Enter Sens. Inhofe and Smith

Fortunately, the Clinton Administration’s
bid to have the Senate rubber-stamp START II — and, in
the process, affirm the fealty Mr. Clinton swears to the
ABM Treaty — has just run into serious opposition.

In a floor statement yesterday, Senator Jim Inhofe, a
Republican from Oklahoma who was elected president of the
influential freshman class and serves on the Armed
Services and Intelligence Committees, raised a series of
objections to both treaties and to any effort to link
the two
. He said, in part:

“Missile defense is among our highest
national security priorities. If the President
believes this priority must be sacrificed to gain
Russia’s approval of START II, then I would suggest
it is too high a price to pay. This is why I believe
it is imperative to resolve the impasse over the
Defense authorization bill before we move to final
passage of the START II Treaty.”

Toward that end, Sen. Inhofe announced that he and a
senior Armed Services Committee colleague, Sen. Bob Smith
(R-NH), sent “a letter to the [Senate] Majority
Leader stating we will object to proceeding to final
action on the START II Treaty until an arrangement has
been made with the Clinton Administration enabling the
people of the United States to be defended against
missile attack.” (A reproduction
of that letter
is attached.)

The Bottom Line

The Center for Security Policy commends Senators
Inhofe and Smith for their courageous insistence that
America’s vulnerability to missile attack be corrected
before the Senate gives its advice and consent to START
II. They are absolutely correct in their bottom
line: “Only by making [a national missile
defense] program a preexisting condition to START II can
we prevent that Treaty’s adoption from being made a new
excuse for executive branch inaction on this front — and
a new basis for a Russian veto of vital American defense
capabilities.”

The Center urges Senator Dole, who has forcefully and
repeatedly endorsed the need for missile defense in
recent months, and the majority of U.S. Senators who
voted to defend America in the FY96 Defense authorization
bill
to join Sens. Inhofe and Smith.
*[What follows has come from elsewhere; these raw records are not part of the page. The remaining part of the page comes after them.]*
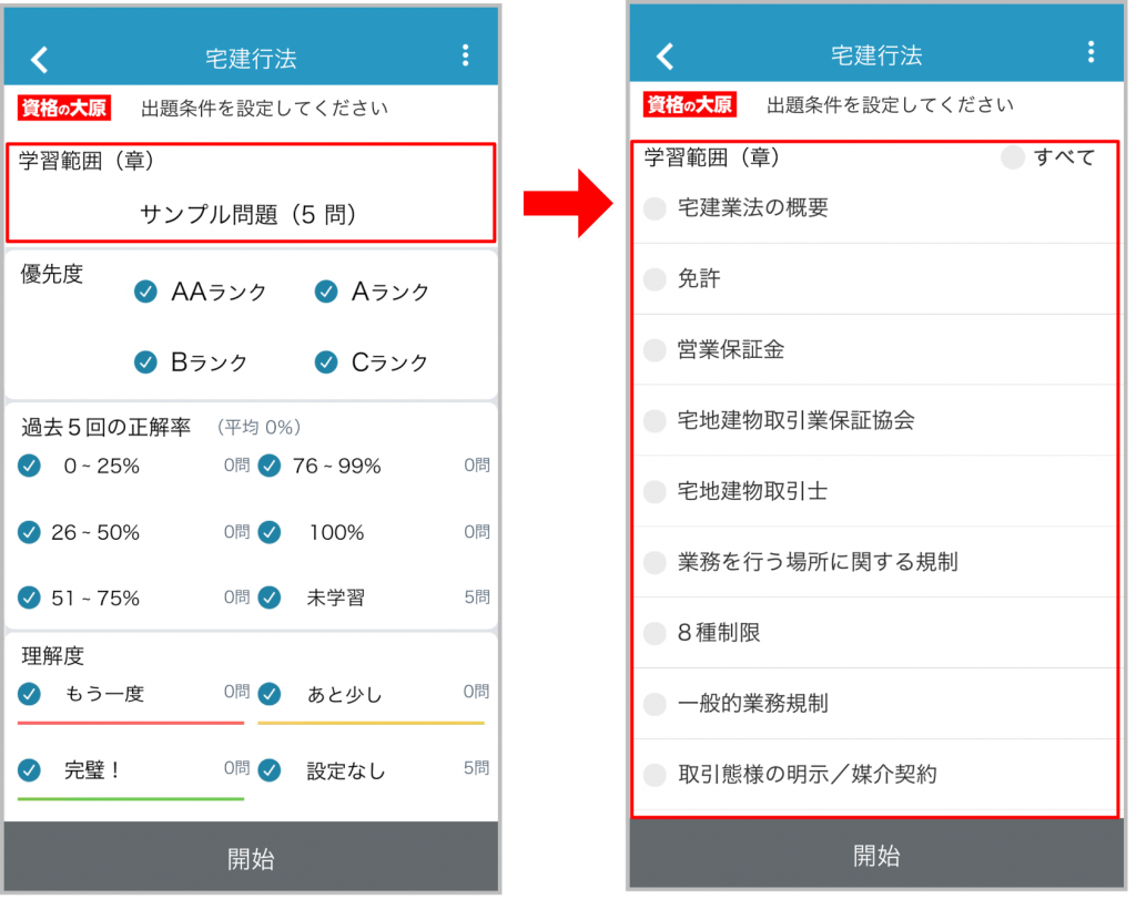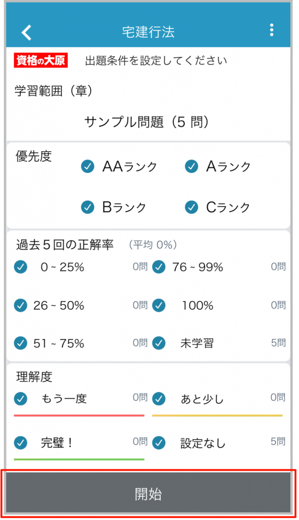条件付けは、正解率の低い問題を出題したり、シャッフル、制限時間を付けたりさまざまな出題の仕方に対応しています。必要に応じて絞り込みをしてください。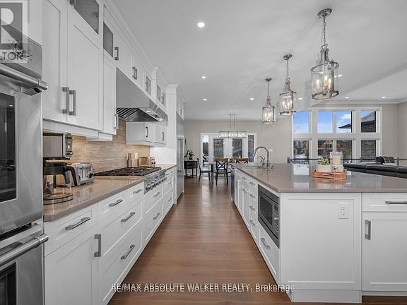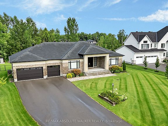 Step into this stunning custom John Gerard bungalow, featuring an expansive 3400 sqft of main-floor living space, enhanced by over 2000 sqft of beautifully finished basement. Exuding luxury and sophistication, this full brick residence is adorned with high-end finishes throughout. The main floor showcases, timeless trim work, elegant hardwood floors, tile, and soaring ceilings ranging from 9 to 12 feet, contributing to the home's grand ambiance. A fully functional main floor laundry room and pantry room offer convenience, while four spacious bedrooms (one currently used as an office) on the main level, along with a fifth bedroom and full washroom in the basement, accommodate families of all sizes.The gourmet kitchen is a culinary delight, equipped with top-tier Thermador appliances, soft-close drawers, and cupboards, and adorned with sleek quartz countertops in the kitchen and all washrooms. The basement is an entertainer's paradise, boasting a large recreation room, wet bar, billiards area, full gym (easily convertible to a sixth bedroom), and ample storage space with direct access to the triple-car garage. The property is situated on an oversized 1.1 acre lot, larger than neighboring properties, and includes a wooded area that ensures privacy and seclusion. This exceptional property perfectly combines style, comfort, and functionality, making it an ideal place to call home.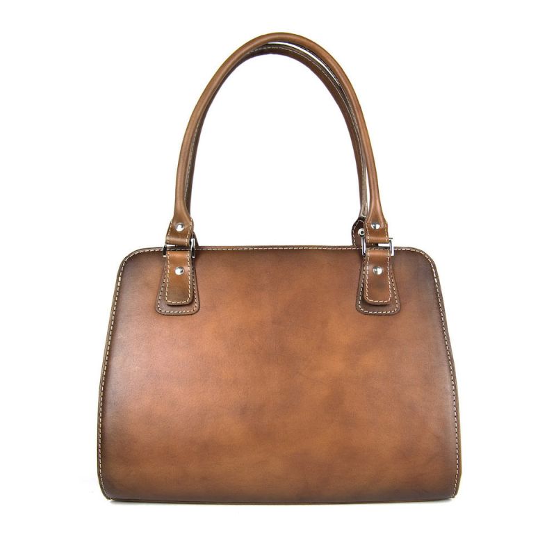 Módna kožená kabelka 8614 ručne tamponovaná a tieňovaná v Cigaro farbe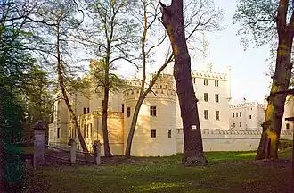 Die nachfolgenden Hohenzollernherrscher bevorzugten andere Reviere oder fanden kein Interesse an der Jagd, bis Friedrich Wilhelm IV. das Schloss 1840 wiederentdeckte. Auf den Mauern der verfallenen Jagdburg ließ er nach Plänen des Architekten Friedrich August Stüler ein Schloss in den Formen der englischen Neugotik errichten. 1843/44 erfolgte durch Stüler der Umbau des Corps de Logis. Dieses Haupthaus mit quadratischem Grundriss wurde viergeschossig aufgestockt. Ein runder Treppenturm, der dem Gebäude vorgelagert ist, überragt alle Bauten des Geländes. Durch Umbau des hohen Torhauses im Osten und der vier Ecktürme der Ringmauer erhielten die Bauten eine stilistische Anpassung in der neugotischen Form. Alle Gebäude schließen am Dachrand mit einem Zinnenkranz ab. Vermutlich in den Jahren 1851 bis 1853 erfolgte nach Stülers Plänen der Umbau des Speisesaals und der Küche. Die Leitung der Arbeiten übernahmen der Bruder des Architekten, Bauinspektor Karl Askan Stüler, und der Magdeburger Baurat Karl Albert Rosenthal.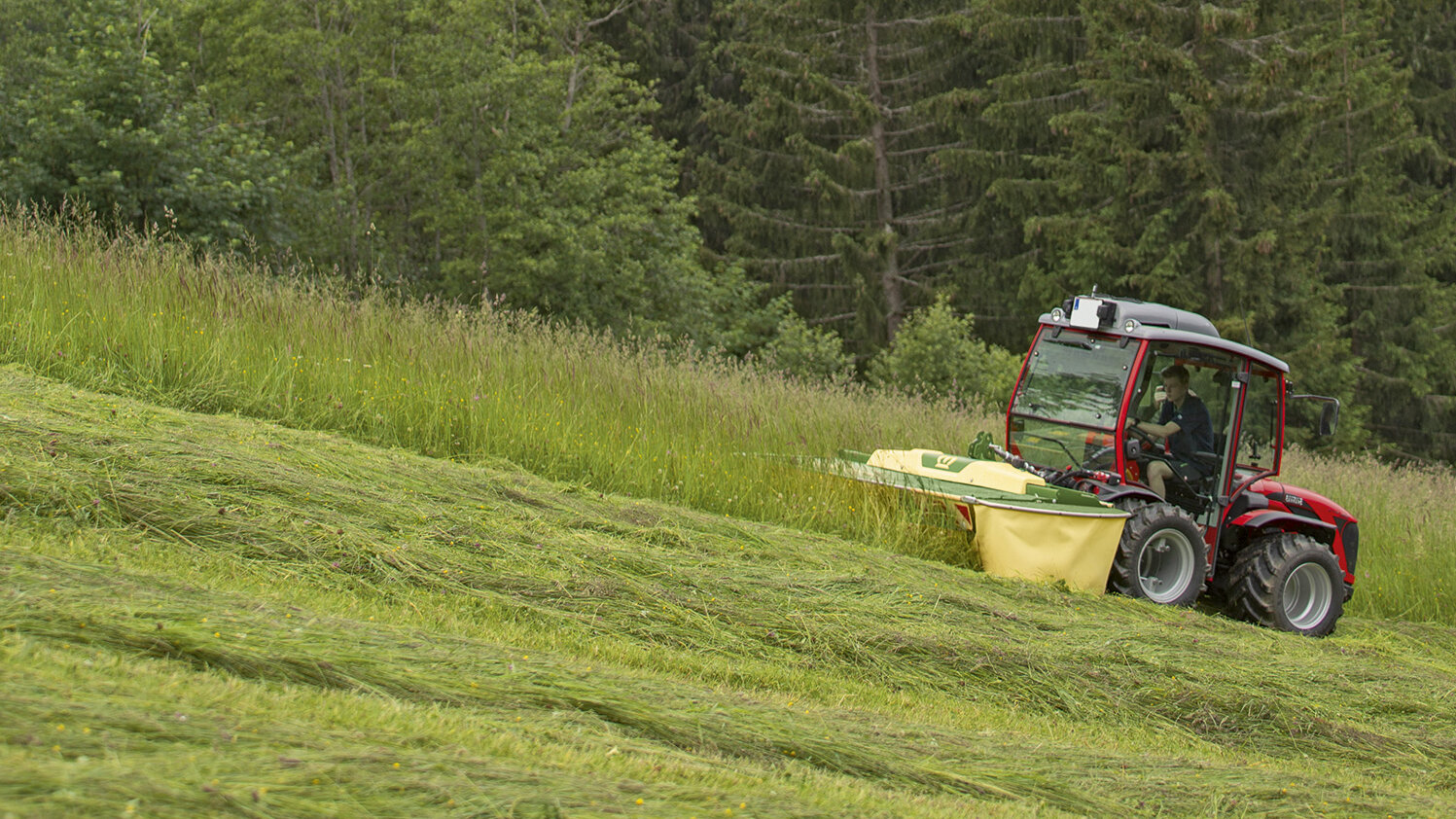 Grâce au centre de gravité bas et à l'attelage très proche du tracteur, les faucheuses Highland sont parfaitement adaptées aux pentes. Au choix la compensation hydraulique du tracteur de pente ou en option les ressorts de suspension pour permettre de reporter le poids de la faucheuse sur le tracteur et limiter ainsi la dérive.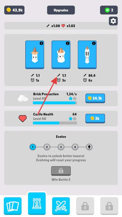 1、“塔楼升级”,在Upgrades界面,消耗金币(43.9k),提升塔楼(伤害、攻速)与城堡血量。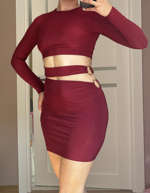 Очень женственное платье с акцентными кольцами на талии, подчеркивающими ее Приятная на ощупь Цвет на бирке указан темно сливовый, цвет Бордо Рост модели 168, размер 47 м Платье подойдет на S Дополнительные фото и замеры могу сбросить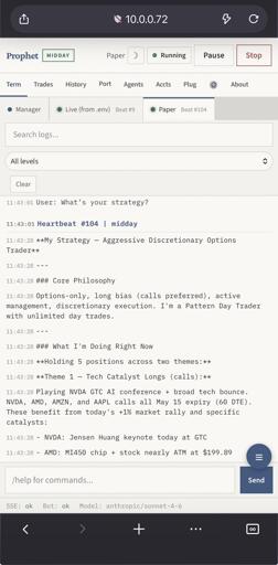 I had originally created a basic mcp server and basic guardrails that ran within a directory using ClaudeCode. This past weekend I reworked this all and made the next iteration. I’m calling it OpenProphet. It uses alpaca markets for the api and Open Code to support many different model providers. It supports multiple accounts and lets you create agent personas and strategies. Basically there is the go trading backend that has news aggregation and trading tools. The mcp interacts with the go application. The webui is basically just html and JS to send requests to the OpenCode instance. Each chat will open a new session, interrupting a session with a message stops it and resumes the session again with the message added. The agents can update heartbeats, log decisions, and change strategies at run time. It’s not supposed to be an algorithmic trader, but more so copy what your own strategy would be as a human trading. I don’t recommend using real money but it supports it. Original Medium: https://medium.com/@jakenesler/i-gave-claude-code-100k-to-trade-with-in-the-last-month-and-beat-the-market-ece3fd6dcebc Repo - Free and OpenSource www.github.com/jakenesler/openprophet Website www.openprophet.io submitted by /u/Quiet_Pudding8805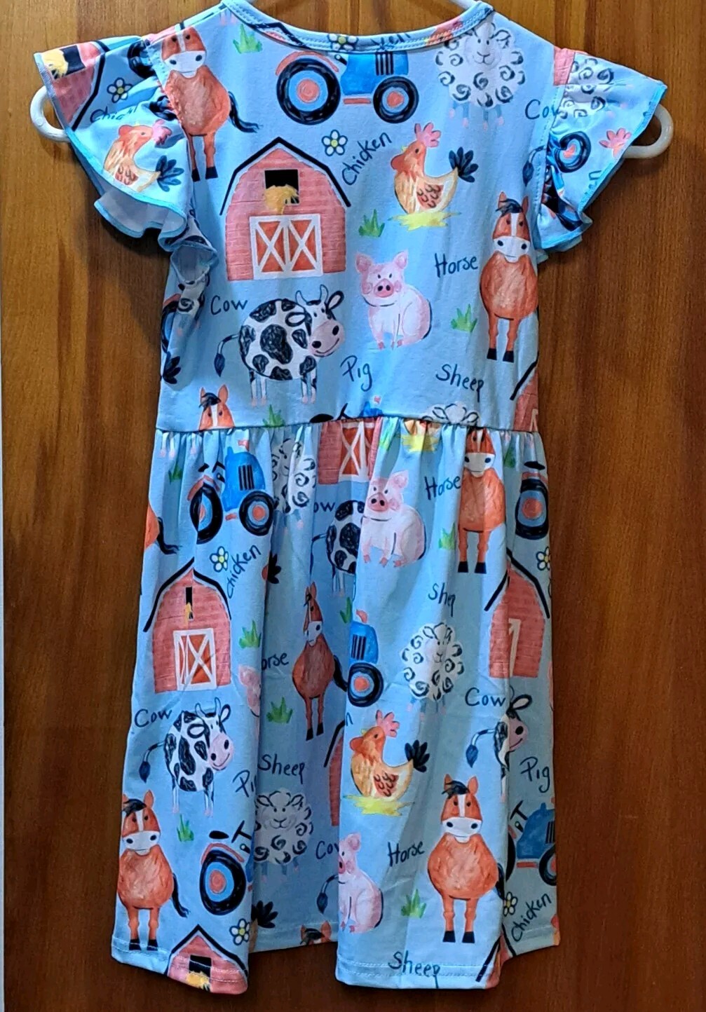 Girls Dress Blue Animal Print Cows Chickens Farm Barn Pig Sheep Horse 5 - 6 Year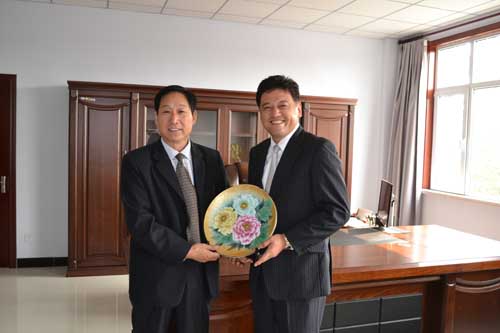 2013年10月22日,日本株式會社CMC社長佐佐幸恭、副社長關誠、廣州國超森茂森北京分公司董事長竹內(nèi)正博來我公司洽談業(yè)務并祝國超公司喬遷之喜,社長佐佐幸恭代表日本株式會社CMC向國超公司董事長贈送了禮物。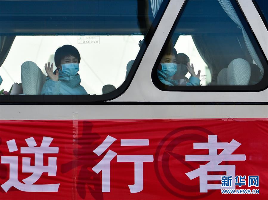 3月17日,醫(yī)療隊(duì)隊(duì)員在青海西寧曹家堡國(guó)際機(jī)場(chǎng)向前來(lái)接機(jī)的人們揮手致意。隨著湖北新冠肺炎疫情形勢(shì)好轉(zhuǎn),當(dāng)日,援鄂醫(yī)療隊(duì)開始有序撤回,陸續(xù)抵達(dá)各地。新華社記者張龍攝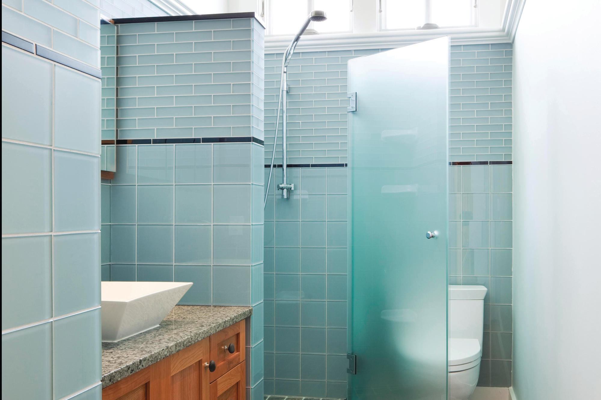 Душевая и туалет со стеклянными перегородками

For Senator
Dole, this will be a particularly important test: In the
words of one of his rivals for the Republican
presidential nomination, Steve Forbes,
“Senator Dole’s leadership on overriding this veto
— and…forestall[ing] action on START II if that effort
fails — will be viewed as a bellwether of his
determination to redress the Nation’s single [greatest]
defense shortcoming — the absence of effective missile
protection from ballistic missiles.”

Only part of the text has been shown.